------ PROVIDED DATA

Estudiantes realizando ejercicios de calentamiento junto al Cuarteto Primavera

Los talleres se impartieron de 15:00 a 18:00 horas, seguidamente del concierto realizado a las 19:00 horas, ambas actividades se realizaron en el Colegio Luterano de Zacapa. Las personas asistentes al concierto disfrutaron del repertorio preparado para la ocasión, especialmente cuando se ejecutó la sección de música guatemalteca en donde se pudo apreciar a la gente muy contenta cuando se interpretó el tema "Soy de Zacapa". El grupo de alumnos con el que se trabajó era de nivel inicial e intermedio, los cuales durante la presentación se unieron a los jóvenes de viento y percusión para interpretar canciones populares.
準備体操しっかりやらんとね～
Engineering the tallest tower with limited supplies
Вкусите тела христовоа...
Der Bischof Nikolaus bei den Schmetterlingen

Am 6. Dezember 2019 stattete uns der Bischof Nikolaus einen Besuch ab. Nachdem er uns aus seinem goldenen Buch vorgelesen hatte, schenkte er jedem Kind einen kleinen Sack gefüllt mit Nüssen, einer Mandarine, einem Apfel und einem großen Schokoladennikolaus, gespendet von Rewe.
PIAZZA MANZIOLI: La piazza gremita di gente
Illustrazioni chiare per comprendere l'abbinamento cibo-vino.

------------
------ PROVIDED DATA

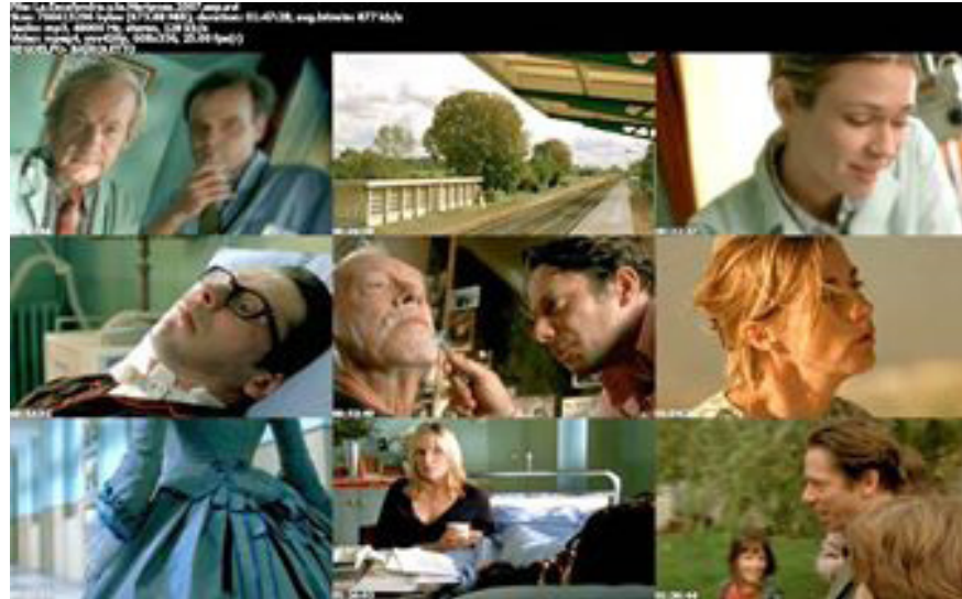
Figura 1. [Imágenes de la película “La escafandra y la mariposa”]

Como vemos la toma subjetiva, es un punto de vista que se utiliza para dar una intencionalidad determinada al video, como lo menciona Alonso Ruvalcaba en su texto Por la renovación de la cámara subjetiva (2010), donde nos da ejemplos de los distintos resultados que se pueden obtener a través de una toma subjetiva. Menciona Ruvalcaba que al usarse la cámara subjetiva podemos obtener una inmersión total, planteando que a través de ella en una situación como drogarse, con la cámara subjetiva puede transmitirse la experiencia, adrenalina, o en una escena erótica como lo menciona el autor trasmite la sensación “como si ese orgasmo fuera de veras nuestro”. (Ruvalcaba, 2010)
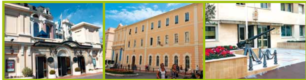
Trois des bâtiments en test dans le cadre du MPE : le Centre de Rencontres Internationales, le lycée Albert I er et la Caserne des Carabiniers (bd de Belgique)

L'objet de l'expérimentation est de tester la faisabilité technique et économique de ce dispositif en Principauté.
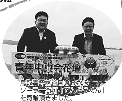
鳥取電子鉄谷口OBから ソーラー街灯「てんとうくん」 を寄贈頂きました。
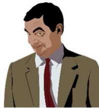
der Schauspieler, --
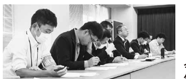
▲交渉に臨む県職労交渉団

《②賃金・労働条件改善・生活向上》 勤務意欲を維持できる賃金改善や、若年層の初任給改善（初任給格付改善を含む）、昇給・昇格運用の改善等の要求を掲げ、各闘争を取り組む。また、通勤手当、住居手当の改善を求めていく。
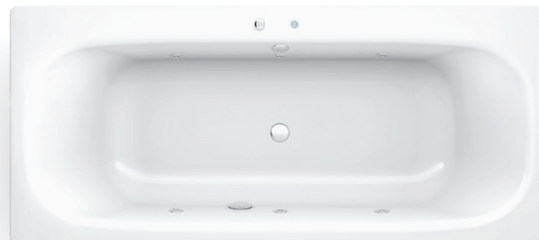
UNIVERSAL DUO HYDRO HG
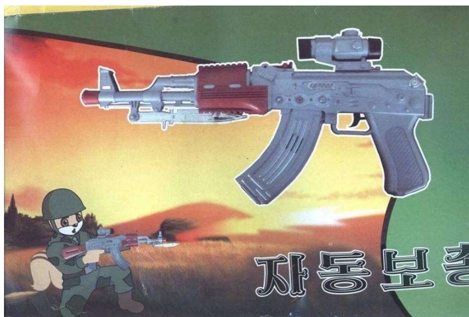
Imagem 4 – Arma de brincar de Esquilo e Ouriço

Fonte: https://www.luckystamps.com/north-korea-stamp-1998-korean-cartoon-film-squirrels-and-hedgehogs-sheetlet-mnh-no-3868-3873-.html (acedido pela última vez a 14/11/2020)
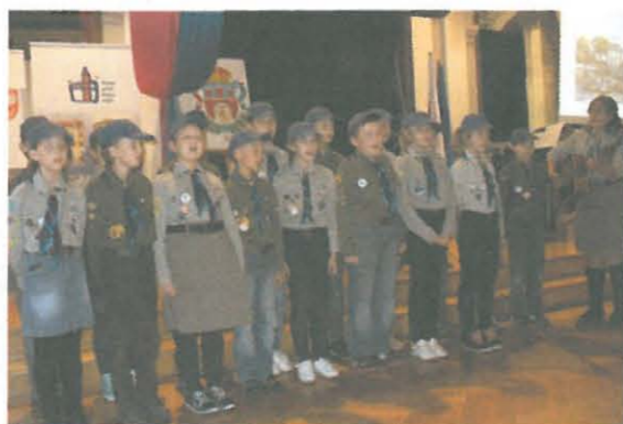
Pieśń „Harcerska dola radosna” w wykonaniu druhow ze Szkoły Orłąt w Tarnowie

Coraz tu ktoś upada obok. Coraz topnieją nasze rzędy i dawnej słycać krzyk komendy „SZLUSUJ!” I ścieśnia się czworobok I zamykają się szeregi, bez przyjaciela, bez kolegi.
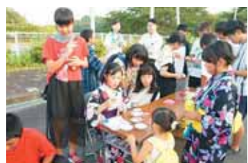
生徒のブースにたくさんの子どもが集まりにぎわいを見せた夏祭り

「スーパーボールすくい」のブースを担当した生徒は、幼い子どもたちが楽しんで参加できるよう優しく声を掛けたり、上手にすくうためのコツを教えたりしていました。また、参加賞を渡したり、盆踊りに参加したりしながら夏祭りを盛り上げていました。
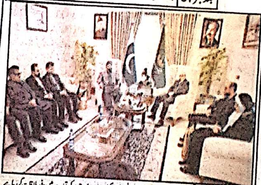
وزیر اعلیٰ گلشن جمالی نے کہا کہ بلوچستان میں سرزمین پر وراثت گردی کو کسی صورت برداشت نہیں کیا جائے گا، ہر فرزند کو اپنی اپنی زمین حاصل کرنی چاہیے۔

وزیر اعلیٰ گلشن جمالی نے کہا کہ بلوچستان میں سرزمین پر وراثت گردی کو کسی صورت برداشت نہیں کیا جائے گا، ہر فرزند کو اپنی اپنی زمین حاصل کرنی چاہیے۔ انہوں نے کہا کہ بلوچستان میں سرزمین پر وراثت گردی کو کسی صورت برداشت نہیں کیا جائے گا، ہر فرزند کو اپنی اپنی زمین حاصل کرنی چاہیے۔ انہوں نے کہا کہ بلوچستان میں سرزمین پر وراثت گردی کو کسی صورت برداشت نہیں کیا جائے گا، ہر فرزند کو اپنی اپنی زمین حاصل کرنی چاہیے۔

------------

**WORK INSTRUCTIONS:**
In the entries above, find the line containing "Figura 1. [Imágenes" and the line containing "生徒のブースにたくさんの子どもが集まりにぎわいを見せた夏祭り"; give again exactly those two lines and every line between them, minus the pictures.

**YOUR SOLUTION:**
Figura 1. [Imágenes de la película “La escafandra y la mariposa”]

Como vemos la toma subjetiva, es un punto de vista que se utiliza para dar una intencionalidad determinada al video, como lo menciona Alonso Ruvalcaba en su texto Por la renovación de la cámara subjetiva (2010), donde nos da ejemplos de los distintos resultados que se pueden obtener a través de una toma subjetiva. Menciona Ruvalcaba que al usarse la cámara subjetiva podemos obtener una inmersión total, planteando que a través de ella en una situación como drogarse, con la cámara subjetiva puede transmitirse la experiencia, adrenalina, o en una escena erótica como lo menciona el autor trasmite la sensación “como si ese orgasmo fuera de veras nuestro”. (Ruvalcaba, 2010)
Trois des bâtiments en test dans le cadre du MPE : le Centre de Rencontres Internationales, le lycée Albert I er et la Caserne des Carabiniers (bd de Belgique)

L'objet de l'expérimentation est de tester la faisabilité technique et économique de ce dispositif en Principauté.
鳥取電子鉄谷口OBから ソーラー街灯「てんとうくん」 を寄贈頂きました。
der Schauspieler, --
▲交渉に臨む県職労交渉団

《②賃金・労働条件改善・生活向上》 勤務意欲を維持できる賃金改善や、若年層の初任給改善（初任給格付改善を含む）、昇給・昇格運用の改善等の要求を掲げ、各闘争を取り組む。また、通勤手当、住居手当の改善を求めていく。
UNIVERSAL DUO HYDRO HG
Imagem 4 – Arma de brincar de Esquilo e Ouriço

Fonte: https://www.luckystamps.com/north-korea-stamp-1998-korean-cartoon-film-squirrels-and-hedgehogs-sheetlet-mnh-no-3868-3873-.html (acedido pela última vez a 14/11/2020)
Pieśń „Harcerska dola radosna” w wykonaniu druhow ze Szkoły Orłąt w Tarnowie

Coraz tu ktoś upada obok. Coraz topnieją nasze rzędy i dawnej słycać krzyk komendy „SZLUSUJ!” I ścieśnia się czworobok I zamykają się szeregi, bez przyjaciela, bez kolegi.
生徒のブースにたくさんの子どもが集まりにぎわいを見せた夏祭り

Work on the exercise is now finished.